▸ **DIRECTIONS FOR THIS TASK**
Every record, apart from its pictures, should be repeated exactly.

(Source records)
━━━━━━━━

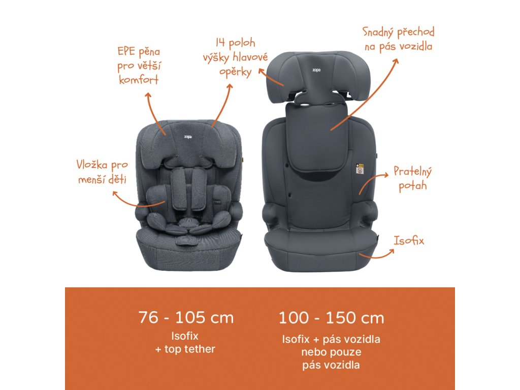 • Dva způsoby instalace: Isofix a Top Tether pro batolata; 3bodový pás pro starší děti.
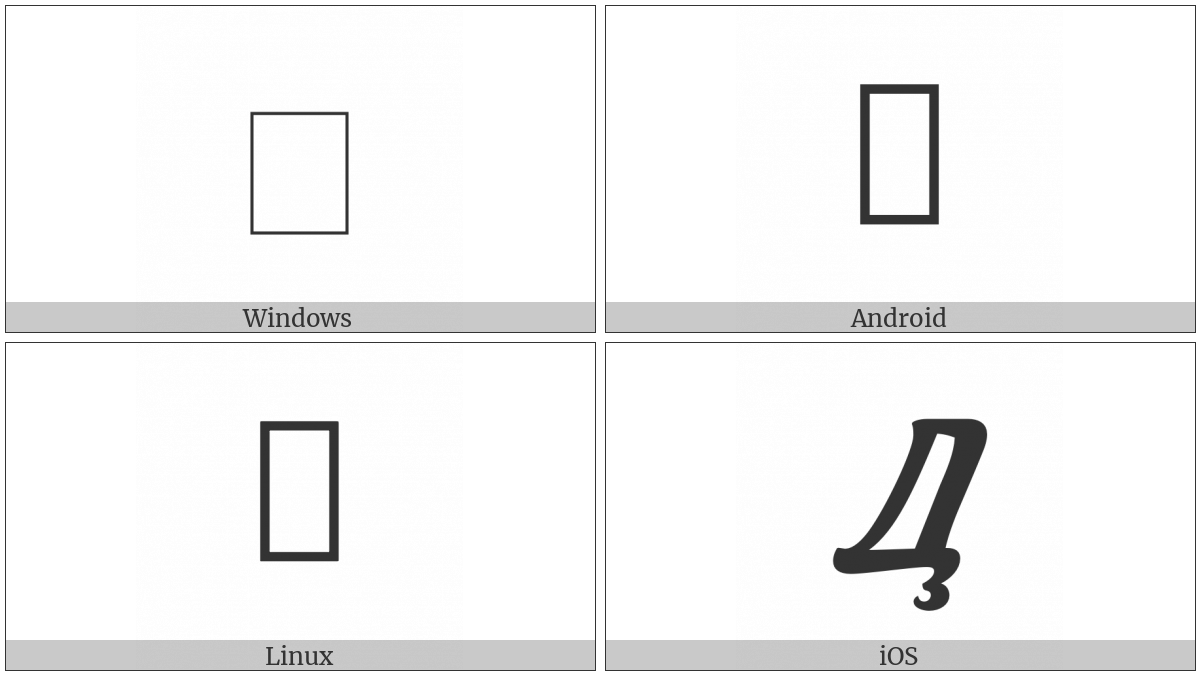 The image below shows how the “Cyrillic Capital Letter Dzze” symbol might look like on different operating systems. If the font in which this web site is displayed does not contain the symbol and there is no fallback font able to render it, you can use the image below to get an idea of what it should look like.
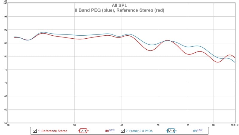 Since I have been in the purist camp for many years, I have not used PEQ in my system. With the REW mic in place from my Dirac measurements, it was a simple process to create filters to flatten out the bass response. I set about doing this by measuring with REW, selecting a peak or valley center frequency, applying a gain or cut to level it out, and then using the width parameter to narrow or expand the band to match the REW measurement. This was a very simple and straight-forward process. The results are shown below apply an 8 non-overlapping filters to level out the bass response below 80 Hz.
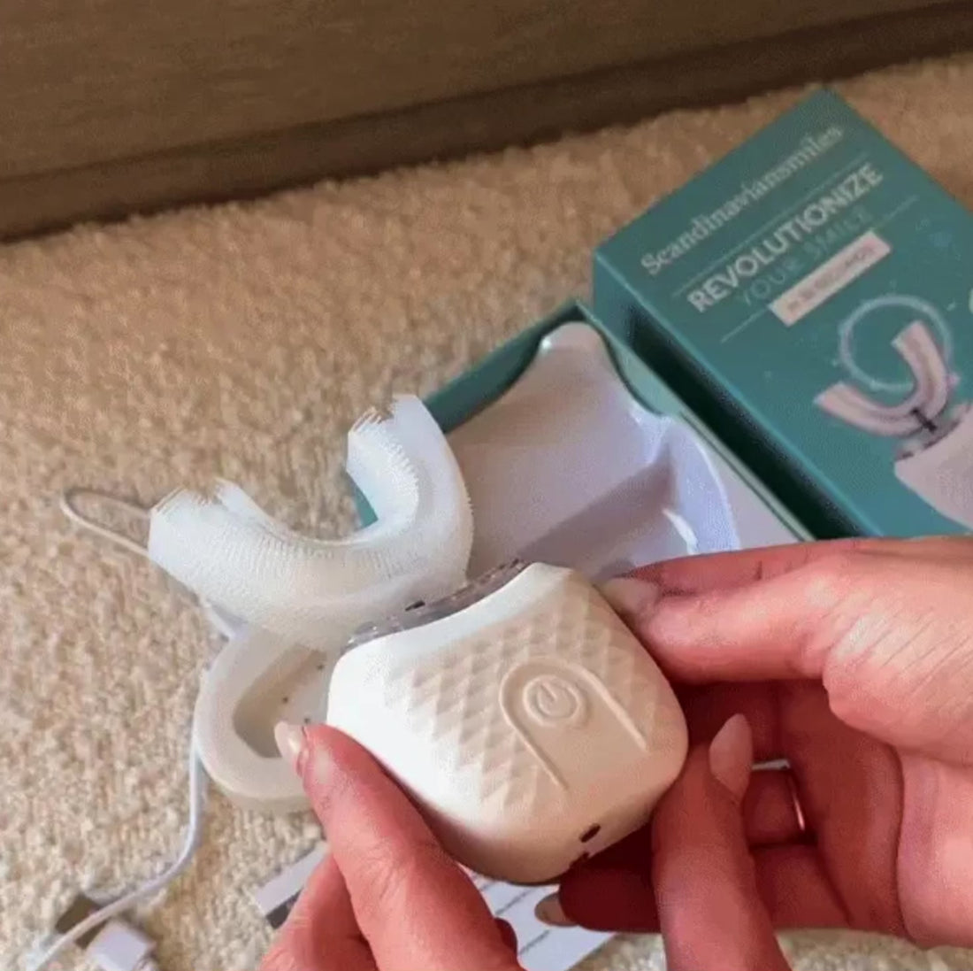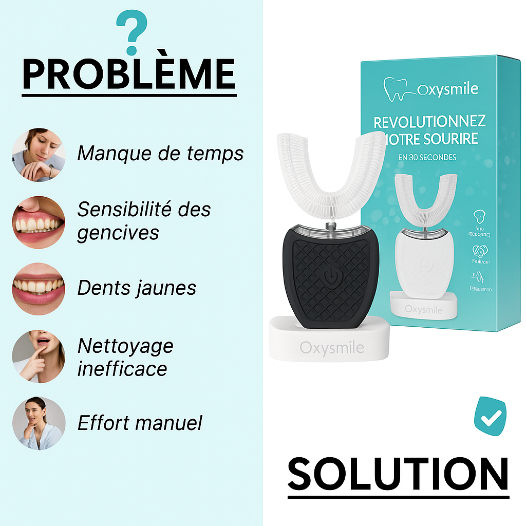 Transforme ta routine d’hygiène bucco-dentaire avec cette brosse à dents automatique en forme de U. Grâce à sa technologie sonique haute fréquence et sa lumière bleue LED, elle nettoie à 360°, élimine 99,99 % des bactéries et blanchit naturellement les dents.
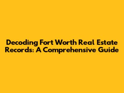 Decoding Fort Worth Real Estate Records: A Comprehensive Guide
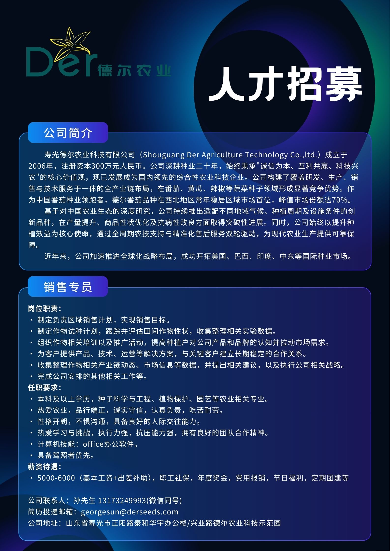 简历投递邮箱:georgesun@derseeds.com
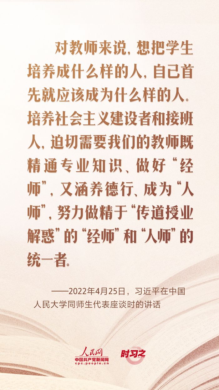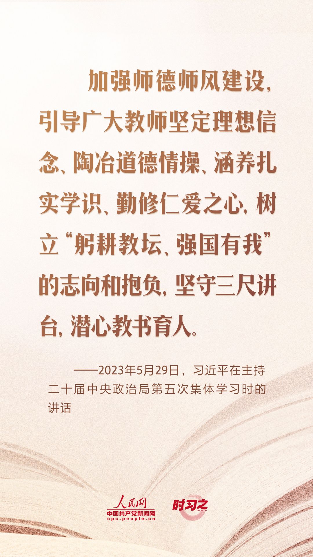 百年大计,教育为本。教师是立教之本、兴教之源,承担着让每个孩子健康成长、办好人民满意教育的重任。一直以来,习近平总书记高度重视教师队伍建设,多次在不同场合强调教师工作的意义,对广大教师提出殷切期望。 (来源:人民网 编辑:汤静)
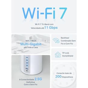 Wifi Tri-Band 11 Gbps - 5764 Mbps 6 GHz + 4324 Mbps 5 GHz + 688 Mbps 2.4 GHz .conexões com Fio de 2.5 Gbps - 4 2.5 Gbps portas garantem máxima flexibilidade e aumento de throughput.Backhaul Combinado Sem Fio e Com Fio - Conecta um backhaul sem fio e com fio com cada unidade simultaneamente para melhorar o throughput geral e reduzir a latência.Operação de Vários Links MLO - Envia e recebe dados simultaneamente em diferentes bandas e canais para aumentar o throughput, reduzir a latência e melhorar a confiabilidade.Canais de 320 MHz - Dobra a largura de banda e permite muitas mais transmissões simultâneas nas velocidades mais rápidas possíveis.Funciona na Banda de 6 GHz - Minimiza congestionamentos com espectro greenfield, proporcionando conexões robustas de alta velocidade.Tp-link HomeShield - Oferece proteção abrangente de rede, controles parentais robustos e segurança IoT em tempo real.Compatibilidade Universal - Compatível com todas as gerações de WiFi e funciona com qualquer provedor de serviços de internet ISP e modem.
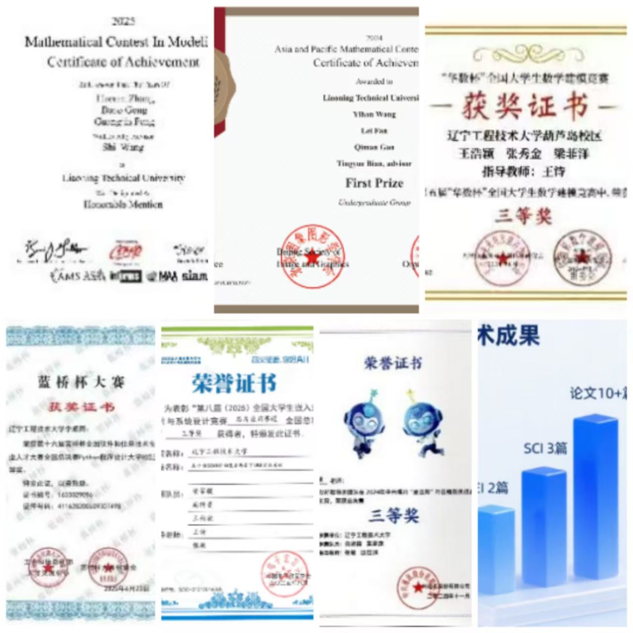 在数学建模领域,2025年美国大学生数学建模竞赛获H奖2项,2024年全国大学生数学建模竞赛获辽宁省一等奖2项、省二等奖1项、省三等奖1项,第五届“华数杯”全国大学生数学建模竞赛获国家二等奖1项、国家三等奖1项,2024年第十四届APMCM亚太地区大学生数学建模竞赛国家级一等奖2项、国家二等奖1项、国家三等奖1项。
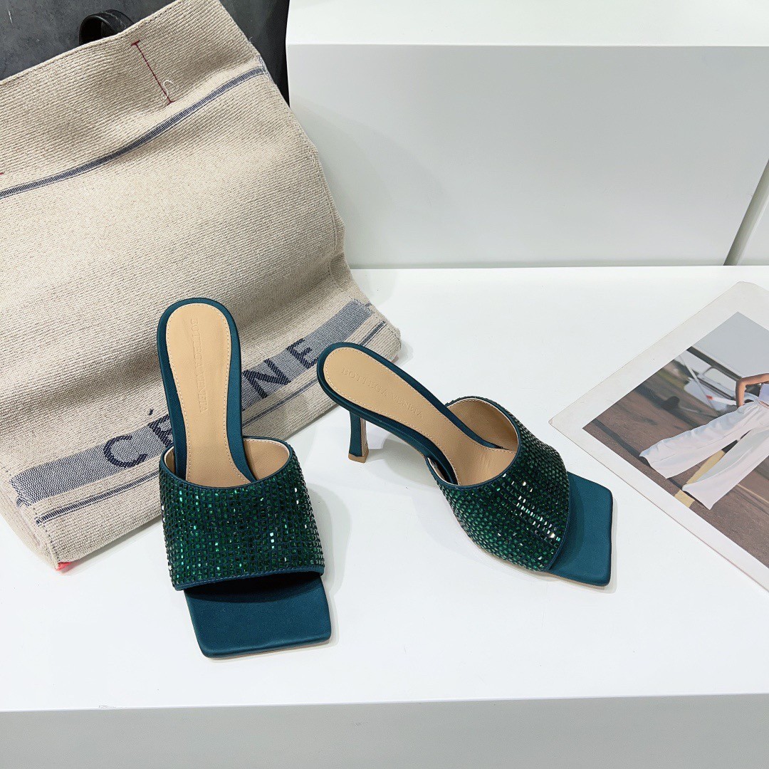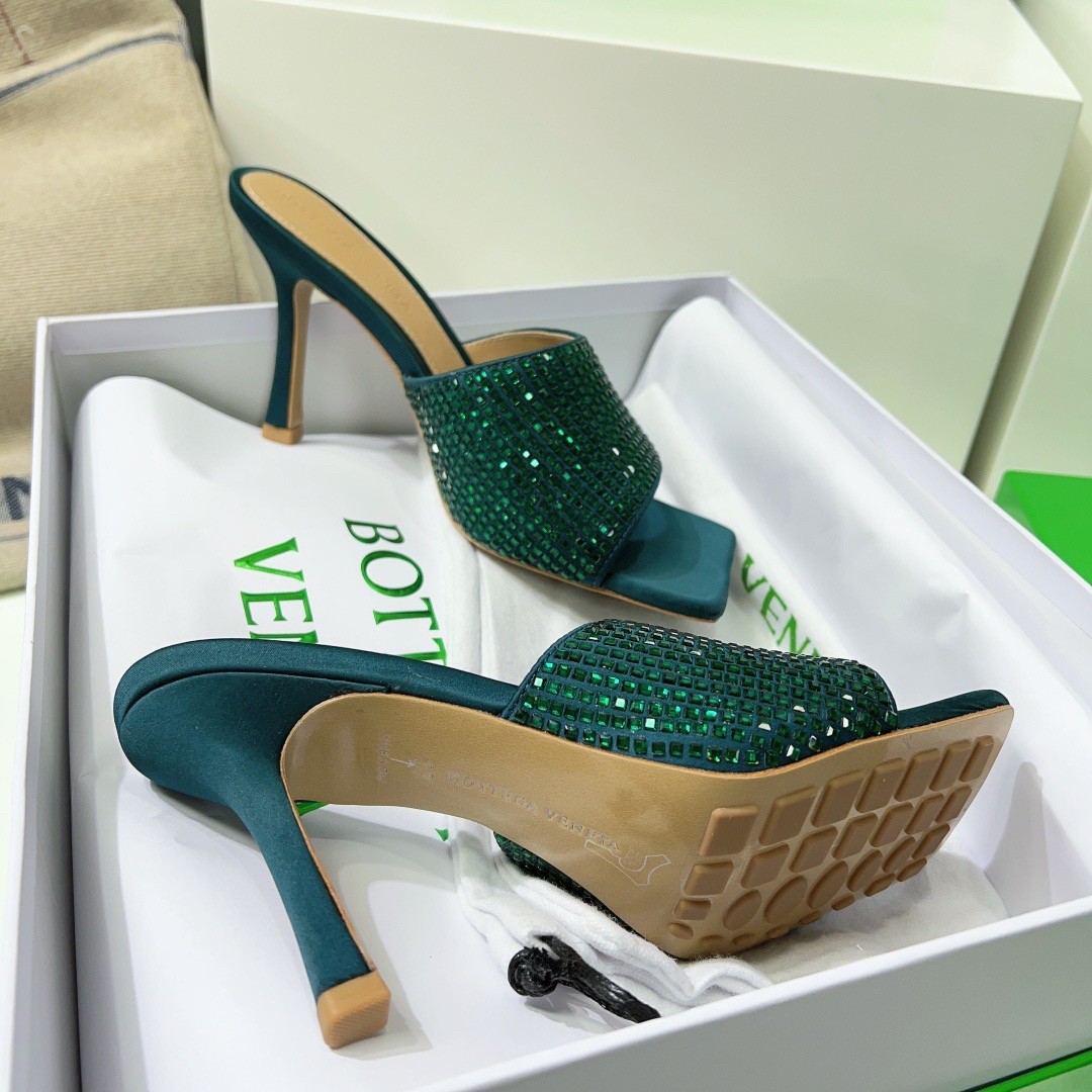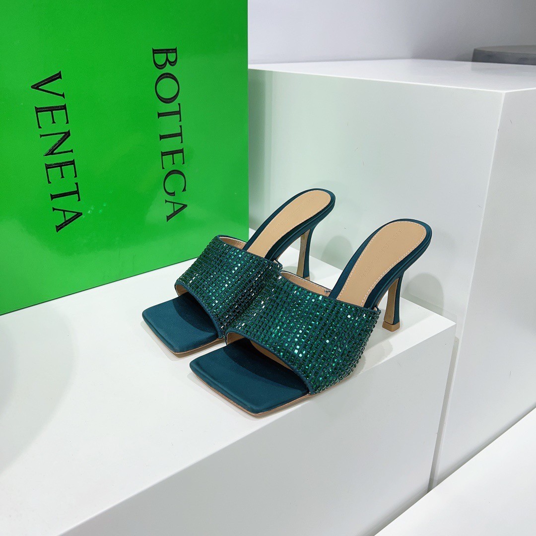 Timeless and glamourous, Bottega Veneta's square-toed mules are the perfect way to add some sparkle to your daytime or evening look. They've been made from lustrous emerald satin punctuated with sparkling crystals. Wear yours with dresses and denim alike.

━━━━━━━━

▸ **RESULT OF THE EXERCISE**
 • Dva způsoby instalace: Isofix a Top Tether pro batolata; 3bodový pás pro starší děti.
 The image below shows how the “Cyrillic Capital Letter Dzze” symbol might look like on different operating systems. If the font in which this web site is displayed does not contain the symbol and there is no fallback font able to render it, you can use the image below to get an idea of what it should look like.
 Since I have been in the purist camp for many years, I have not used PEQ in my system. With the REW mic in place from my Dirac measurements, it was a simple process to create filters to flatten out the bass response. I set about doing this by measuring with REW, selecting a peak or valley center frequency, applying a gain or cut to level it out, and then using the width parameter to narrow or expand the band to match the REW measurement. This was a very simple and straight-forward process. The results are shown below apply an 8 non-overlapping filters to level out the bass response below 80 Hz.
 Transforme ta routine d’hygiène bucco-dentaire avec cette brosse à dents automatique en forme de U. Grâce à sa technologie sonique haute fréquence et sa lumière bleue LED, elle nettoie à 360°, élimine 99,99 % des bactéries et blanchit naturellement les dents.
 Decoding Fort Worth Real Estate Records: A Comprehensive Guide
 简历投递邮箱:georgesun@derseeds.com
 百年大计,教育为本。教师是立教之本、兴教之源,承担着让每个孩子健康成长、办好人民满意教育的重任。一直以来,习近平总书记高度重视教师队伍建设,多次在不同场合强调教师工作的意义,对广大教师提出殷切期望。 (来源:人民网 编辑:汤静)
 Wifi Tri-Band 11 Gbps - 5764 Mbps 6 GHz + 4324 Mbps 5 GHz + 688 Mbps 2.4 GHz .conexões com Fio de 2.5 Gbps - 4 2.5 Gbps portas garantem máxima flexibilidade e aumento de throughput.Backhaul Combinado Sem Fio e Com Fio - Conecta um backhaul sem fio e com fio com cada unidade simultaneamente para melhorar o throughput geral e reduzir a latência.Operação de Vários Links MLO - Envia e recebe dados simultaneamente em diferentes bandas e canais para aumentar o throughput, reduzir a latência e melhorar a confiabilidade.Canais de 320 MHz - Dobra a largura de banda e permite muitas mais transmissões simultâneas nas velocidades mais rápidas possíveis.Funciona na Banda de 6 GHz - Minimiza congestionamentos com espectro greenfield, proporcionando conexões robustas de alta velocidade.Tp-link HomeShield - Oferece proteção abrangente de rede, controles parentais robustos e segurança IoT em tempo real.Compatibilidade Universal - Compatível com todas as gerações de WiFi e funciona com qualquer provedor de serviços de internet ISP e modem.
 在数学建模领域,2025年美国大学生数学建模竞赛获H奖2项,2024年全国大学生数学建模竞赛获辽宁省一等奖2项、省二等奖1项、省三等奖1项,第五届“华数杯”全国大学生数学建模竞赛获国家二等奖1项、国家三等奖1项,2024年第十四届APMCM亚太地区大学生数学建模竞赛国家级一等奖2项、国家二等奖1项、国家三等奖1项。
 Timeless and glamourous, Bottega Veneta's square-toed mules are the perfect way to add some sparkle to your daytime or evening look. They've been made from lustrous emerald satin punctuated with sparkling crystals. Wear yours with dresses and denim alike.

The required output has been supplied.